Воронка - Алексей Филиппенков
Шрифт:
Интервал:
Закладка:
– Видимо, кто-то еще остался жив, – шепотом сказал Франсуа, заползая наверх воронки и чуть высунув голову для ориентира.
– А кто это может быть? – прошептал Вернер, торопливо дожевывая ломоть хлеба.
– Не знаю, или немцы, или французы, или – на крайний случай – крысы лазают.
– Крысы? – с выпученными глазами спросил Вернер, резко дернувшись от противных судорог. – Они же такие страшные, противные.
– Зато вкусные, – с ухмылкой заметил Франсуа.
– А мы на них сначала капканы ставили, но они из них вырываются. А потом просто дубинками их убивали и все, но есть их… это кошмар!
– Да, сразу видно, что ты новичок. Ничего, через месяц тебе это покажется деликатесом.
– Что вам видно там, мсье?
– Ничего, словно и нет никого. А нет… вижу какое-то движение. – Франсуа шептал все тише и тише. – Там кто-то есть, это точно. – Франсуа взял винтовку и продолжал внимательно всматриваться во мрак.
Ночной мрак резко озарился ярким светом, похожим на удар молнии и тишина прервалась пулеметным огнем. Воронье разлетелось в разные стороны, и отчетливо был слышан звук падения. Будто на землю бросили мешок картошки. Еще через секунду всю ничейную территорию покрыл стон. В воздух взмыла осветительная ракета, и поле боя предстало в самом своем жутком виде. Земля была пропитана кровью дневной атаки, тела лежали подле друг друга. Грязь и хаос составляли главный фон. Франсуа смотрел вдаль, наблюдая за ситуацией вокруг, и когда ракета погасла, спустился на дно:
– Вот что происходит, когда солдат теряет терпение, – с яростью сказал он.
– Что, что там? – вертя головой, спросил Вернер.
– Такой же, как мы. Именно такая участь ждет нас, если мы отсюда выйдем, черт, – было видно, что Франсуа чем-то разозлен.
– Но кто в него стрелял, вдруг свои же? – спросил Вернер.

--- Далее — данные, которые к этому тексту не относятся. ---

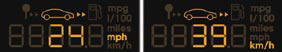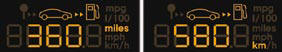 When the range falls below 20 miles (30 km), dashes are displayed. After fi lling with at least 5 litres of fuel, the range is recalculated and is displayed when it exceeds 60 miles (100 km).
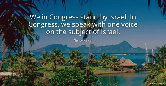 Pelosi, Nancy. (2026, January 18). We in Congress stand by Israel. In Congress, we speak with one voice on the subject of Israel. FixQuotes. https://fixquotes.com/quotes/we-in-congress-stand-by-israel-in-congress-we-20593/
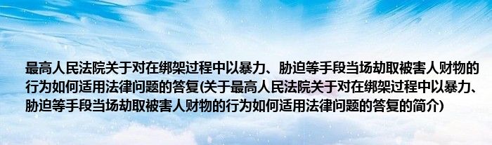 大家好,最高人民法院关于对在绑架过程中以暴力、胁迫等手段当场劫取被害人财物的行为如何适用法律问题的答复,关于最高人民法院关于对在绑架过程中以暴力、胁迫等手段当场劫取被害人财物的行为如何适用法律问题的答复的简介很多人还不知道,现在让我们一起来看看吧!
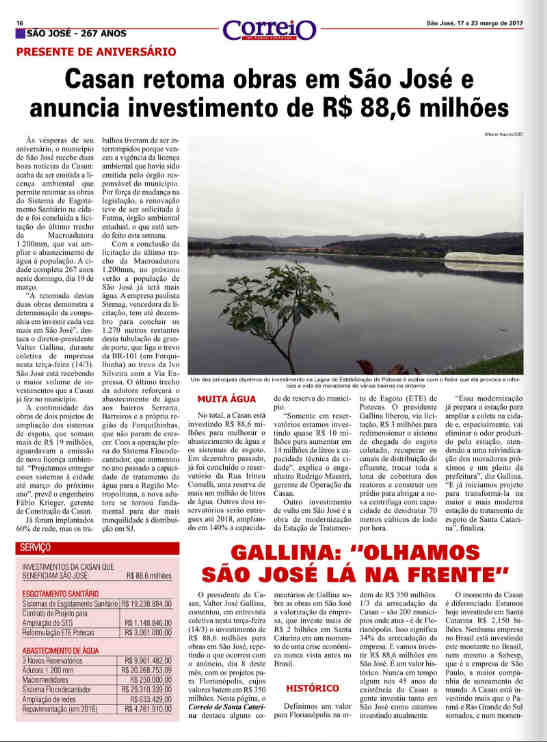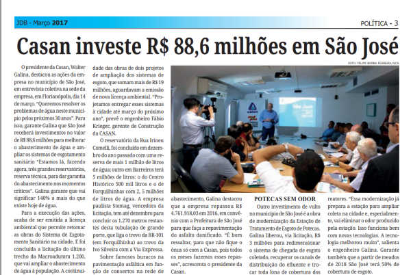 “A retomada destas duas obras demonstra a determinação da Companhia em investir cada vez mais em São José”, destacou o diretor-presidente da Companhia, engenheiro Valter Gallina, em coletiva na manhã desta terça-feira (14). Em sua apresentação, o presidente demonstrou que São José está recebendo o maior volume de investimentos que a CASAN já fez no município.
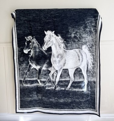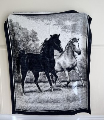 Vintage Biederlack Equestrian Horse Blanket Reversible Throw 56x72 Made In USA

– А это уже никого не волнует. Когда ты на ночном дежурстве, то на любое движение ты обязан ответить выстрелом, иначе это может погубить всю часть. Возможно, это раненый ползет обратно. Или же новобранец, засевший в воронке при атаке и решивший вернуться. А, не дай бог, это вражеская атака в ночи, и единственный выход – это стрелять на поражение, для собственной же безопасности. День и ночь действуют пулеметные расчеты, солдаты отдыхают, а пулеметчики лишь сменяют друг друга. Стреляли с немецкой стороны.
* * *Люди в очередной раз принесли жертву богу войны. Они всегда гибли на войне за королей или правителей, которых они и в глаза не видели. Для Вернера армия представлялась довольно странным институтом. Он не мог связать все ниточки непонятных мыслей в своей голове. Человек, бегущий на пулемет, знает ради чего он бежит? Ради Родины? Ради близких? А может, ради какого-нибудь Хайнца? Но если бы не амбиции нескольких государственных лидеров, то и не пришлось бы умирать вообще. За что нам воевать? За тех, кто когда-то унижал и избивал тебя в университете, но испугался теперь отдать свой долг?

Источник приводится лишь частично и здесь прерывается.